**How to complete this task:** Range to copy from the entries below: the line containing "I started gluing" through the line containing "Las Lentes 2", inclusive. Retype only those lines, exactly, without any images.

**Records for the task:**
══════════════════════════════

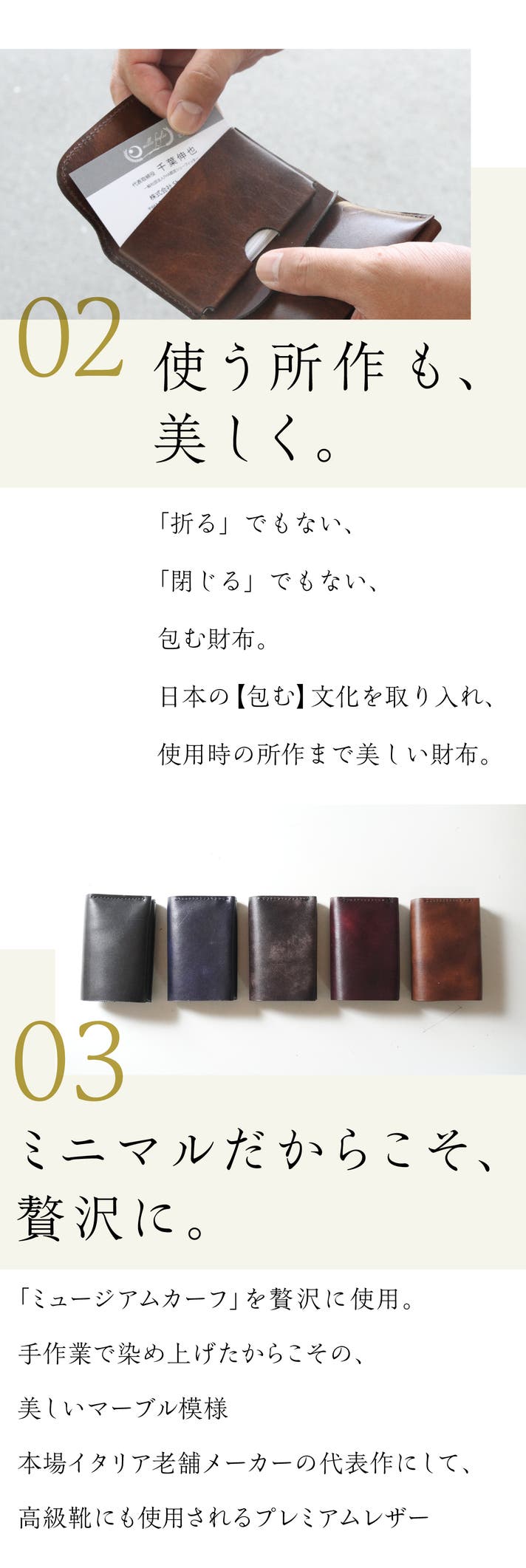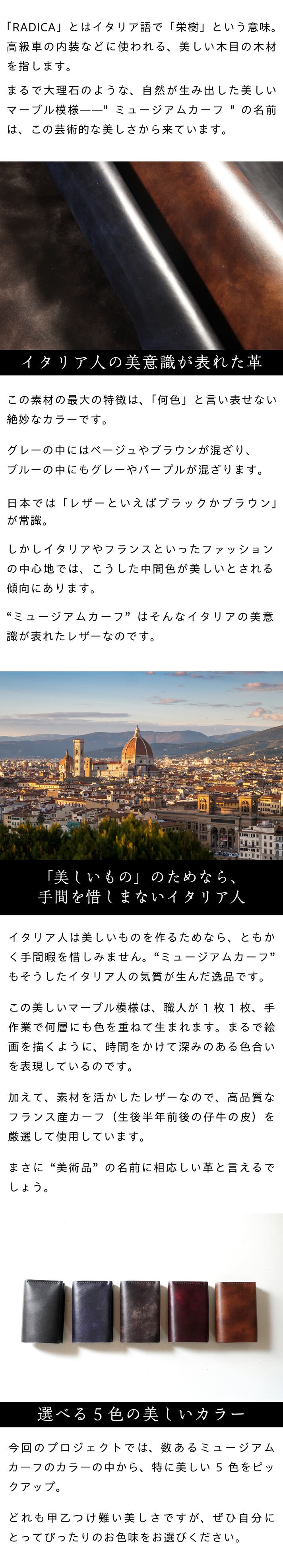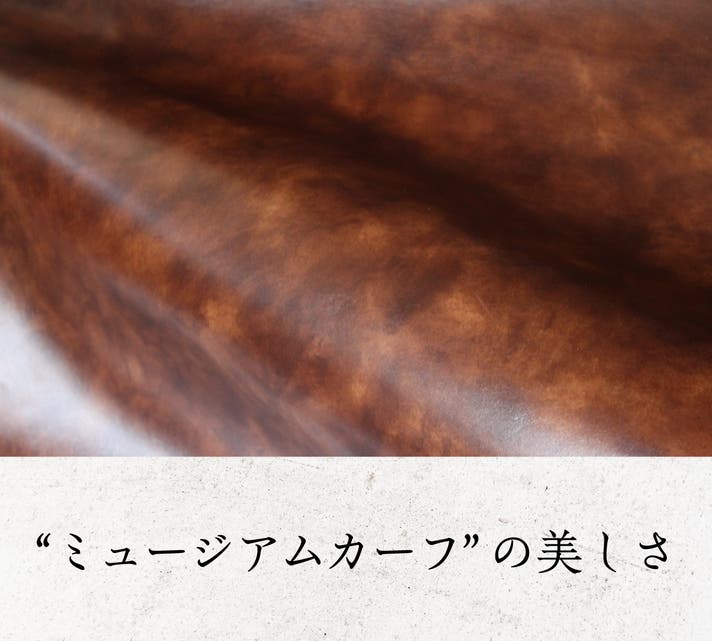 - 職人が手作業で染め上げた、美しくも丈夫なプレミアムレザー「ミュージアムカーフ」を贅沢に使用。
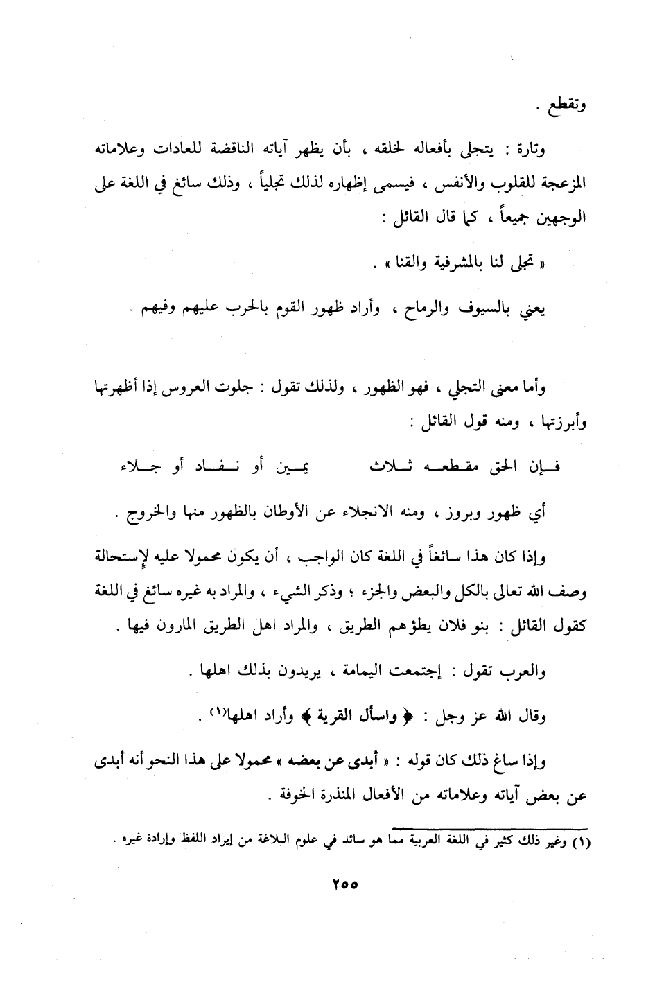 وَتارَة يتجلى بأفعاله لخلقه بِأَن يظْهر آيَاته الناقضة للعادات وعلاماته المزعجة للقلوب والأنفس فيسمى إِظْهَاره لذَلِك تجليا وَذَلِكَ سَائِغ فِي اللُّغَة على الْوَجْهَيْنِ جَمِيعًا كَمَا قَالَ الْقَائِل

══════════════════════════════

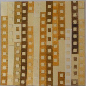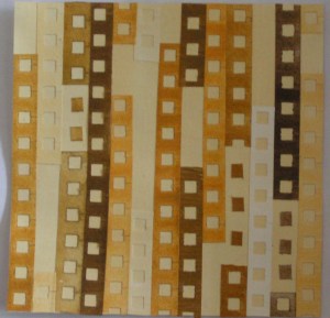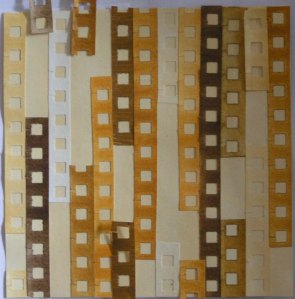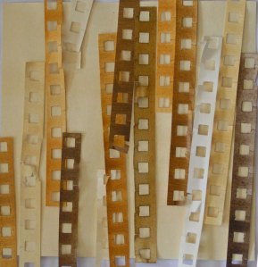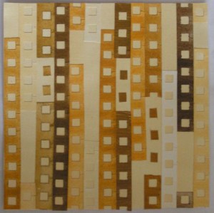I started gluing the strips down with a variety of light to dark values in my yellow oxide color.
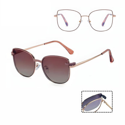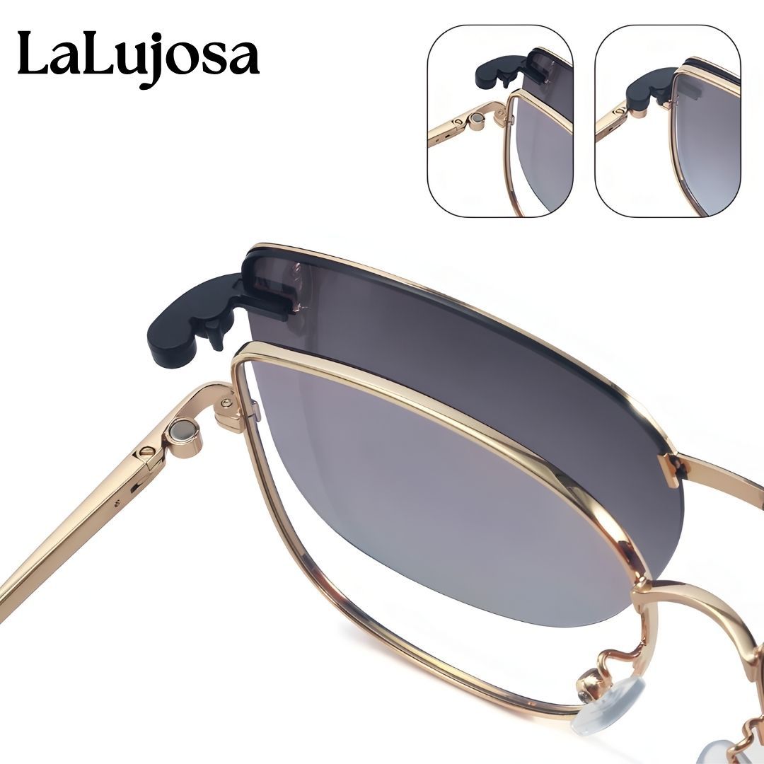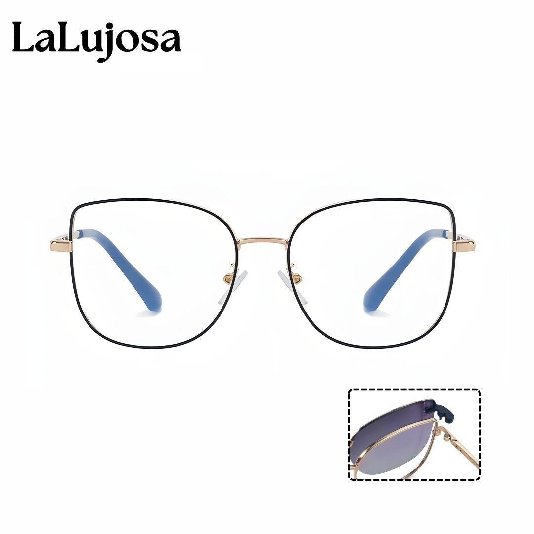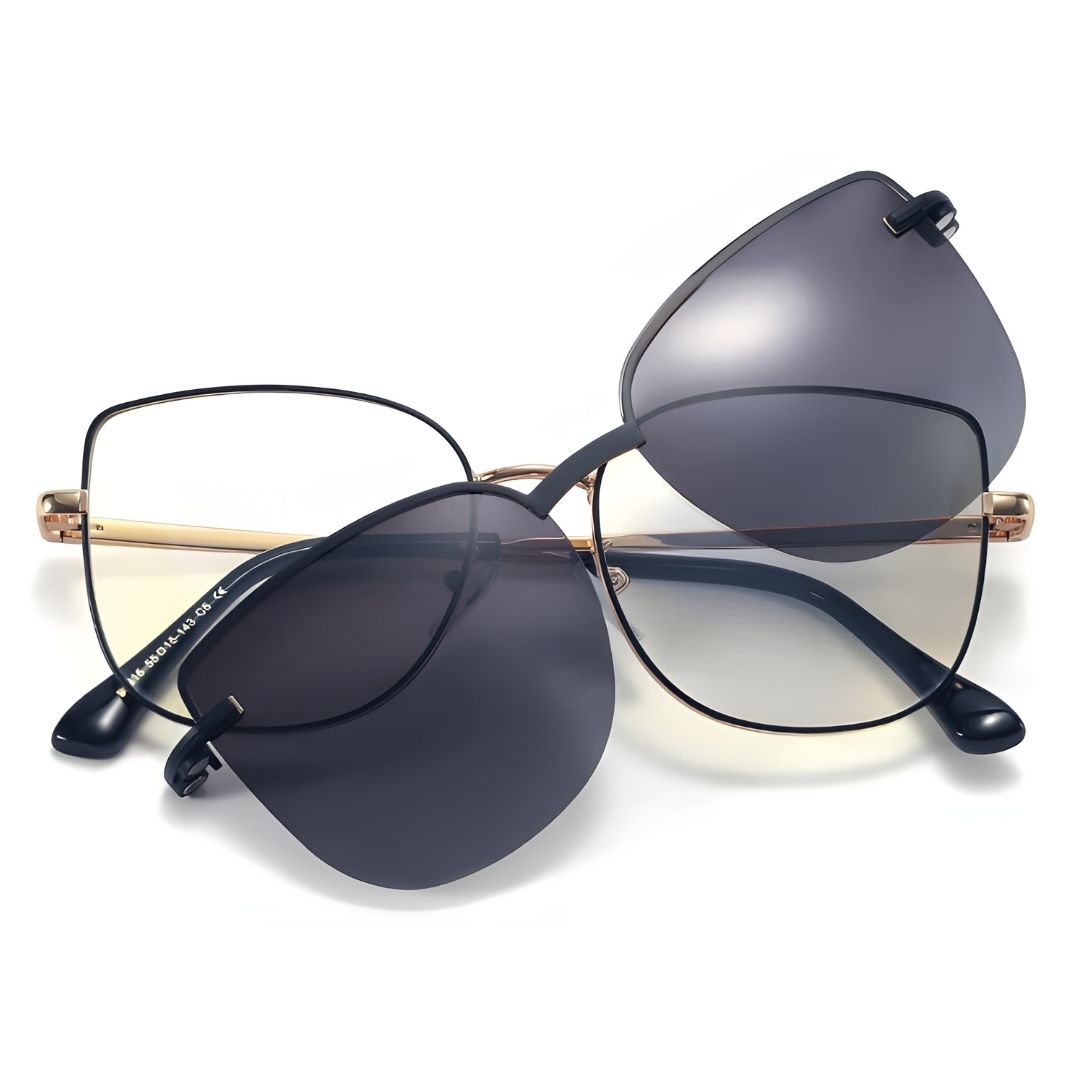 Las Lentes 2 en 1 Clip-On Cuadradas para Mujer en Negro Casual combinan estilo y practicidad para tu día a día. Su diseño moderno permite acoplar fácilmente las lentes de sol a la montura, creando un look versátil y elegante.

══════════════════════════════

**Answer to the problem:**
I started gluing the strips down with a variety of light to dark values in my yellow oxide color.
 Las Lentes 2 en 1 Clip-On Cuadradas para Mujer en Negro Casual combinan estilo y practicidad para tu día a día. Su diseño moderno permite acoplar fácilmente las lentes de sol a la montura, creando un look versátil y elegante.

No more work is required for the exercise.